I often find myself around cows, sloping around, looking for a place to be. In a field along the Lost Coast, I awoke to one outside my car window, a large black bull whinnying in distress. He must have stumbled through the fog and come across my car, frightened by the harsh piece of metal. Tight-chested, I crawled into the driver’s seat, left my spot while the stars were still out. I didn’t stop driving, drove through the ranches winding upward. I felt the sun sloping up the opposite hillside.

I was driving north to see an old friend. I stopped at a beach. I’d forgotten to lock my car.

I thought about, of all things, my scarf, a woolen white one with stark navy stripes, an artifact of my personal archaeology. Worn along the edges, perhaps from dragging across rough terrain. Bits of sand, burrs. Never washed.

I left the thought and watched the ocean again, feeling naked.

Not just the beauty but the brutality of it:

The sea anemones barricading the rocks
The starfish like roaming hands tearing at things in shells
The seagulls prowling above (nothing escapes their sight)
The surfer at the edge, facing out

Sleeping on remote roads makes you aware of fear. It’s not abstract, like it is in the city. In my mind I saw a black bear roaming.

It was all there, the whole forest. I was face-to-face with it.

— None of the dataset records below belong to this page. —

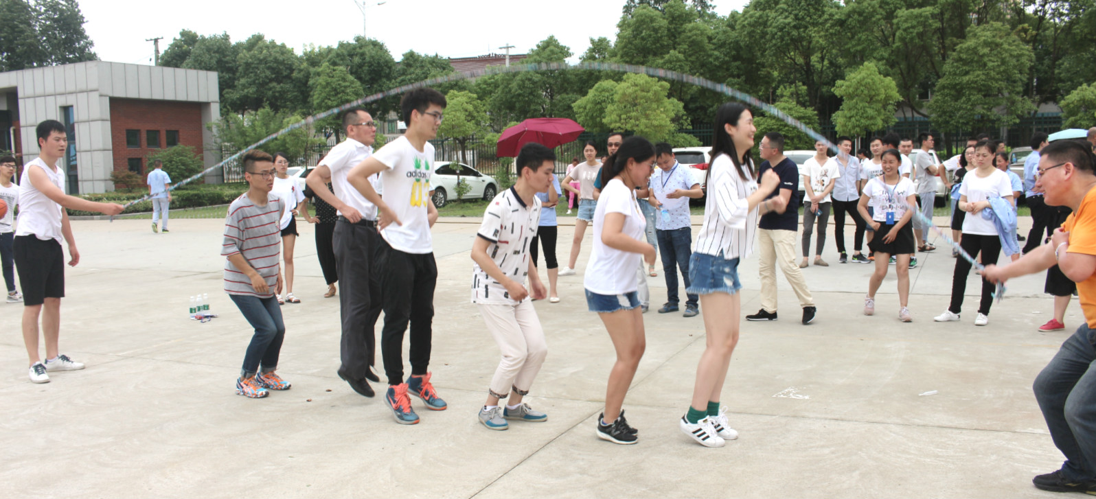 集體跳繩——2人搖繩,5人按次序進入跳繩區(qū)域,按進入跳繩區(qū)域人數(shù)最多,人齊后跳的最多的組勝。
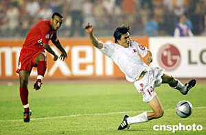 七月十七日晚,在北京工人體育場進(jìn)行的亞洲杯揭幕戰(zhàn)中國隊(duì)對巴林隊(duì)的比賽中,巴林隊(duì)二比二戰(zhàn)平中國隊(duì)。
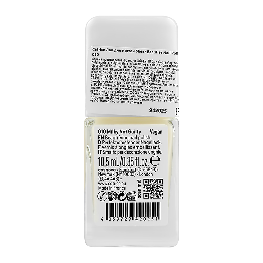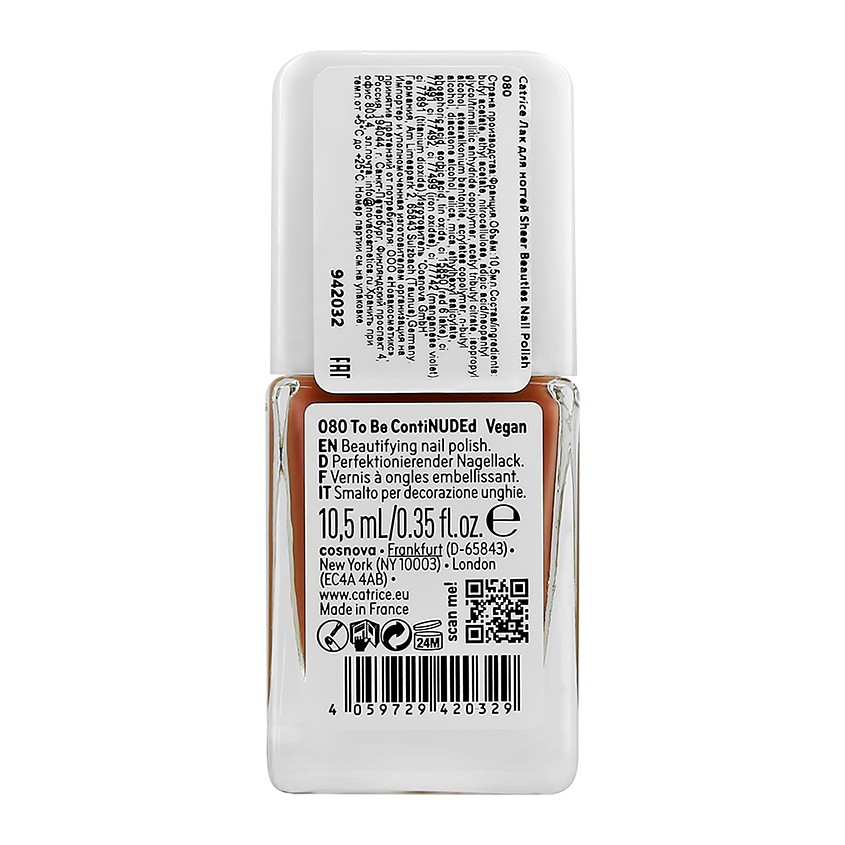 Лак для ногтей `CATRICE` SHEER BEAUTIES тон 080 To be contiNUDEd
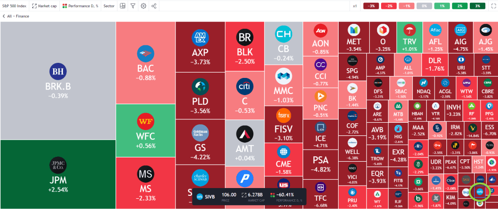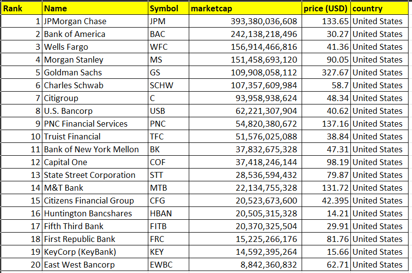 Theo mình SVB sẽ không là Lehman thứ 2. Vào năm 2008 Lehman sụp với tổng tài sản trong bảng cân đối là hơn 300 tỷ USD, thời điểm đó Lehman là nhà băng top đầu của Mỹ, nhưng trước khi SVB sụp nó chỉ đứng thứ 16 thôi. So với những bank top đầu của Mỹ hiện tại thì thực ra nó cũng nhỏ thôi. Vào hôm thứ 6 giảm 60% hãy xem heatmap nhóm tài chính ảnh hưởng chỉ số nó chỉ là 1 ô vuông bé mà thôi. Và khoảng cách vốn hóa so với các bank dẫn đầu là rất xa (bảng dưới là danh sách 20 bank lớn nhất Mỹ hiện tại, sau khi đã bỏ ra SVB ở vị trí 16 ở trước đó).
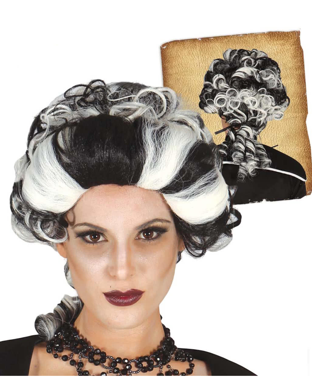 Gothic Vampir Braut Perucke Schwarz Weiss Gunstige Faschings Accessoires Zubehor Bei Karneval Megastore
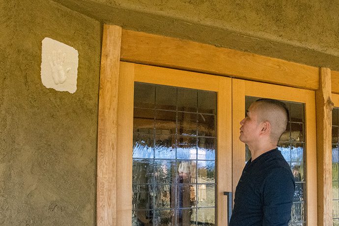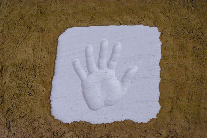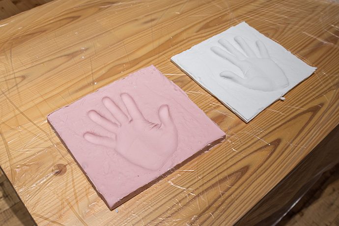 今回は土壁塗りのひと月ほど前に本社事務所で山本の手の型取りをし、多くの来店者が手を重ねても削れないようにメインショップで使っている大理石と同じ石で手形を作りました。

It’s winter but the buds are coming.
I sleep on the moss and when I wake I see them up close, coming through every trodden crevice, little green things in the dust
in that little canyon I won’t find again, not far but small, therefore far —
And the buds so small, coming in from far —
The red spider, frantic with hunger
as hunters are, searching the dust and everywhere, it can’t let a thing go by.
Remember the dark rooms? Shuffling the papers —
I feel a hunter in myself

Along the route, little knowing interactions with loners. A stone collector. An astrophysicist. You go in one direction and pass by someone going in the other.

Bigger contradictions as I enter the city. Sharp-edged buildings against the ocean, people dressed in violent colors, spires cutting clouds. Lightning retaliates.
More retaliations: disgusting alleyways, disgusting canals with grime and dark waters. Horrible creatures accumulating in the filth. Rotting metal structures.
(At the edges, roads turn to paths, which meet rivers and streams – driven insistently toward them. People talking and laughing in the dark woods. By day, a trailer shining in a clearing by a lake.)

I pulled into a clearing. There was dew on my boots and my toes felt the cold. The redwoods faced me and I couldn’t see around them. I was terrified, started my car and left.

From a posting at the campsite: ‘If you come across a cougar, appear large, back away slowly, and DO NOT BREAK EYE CONTACT.’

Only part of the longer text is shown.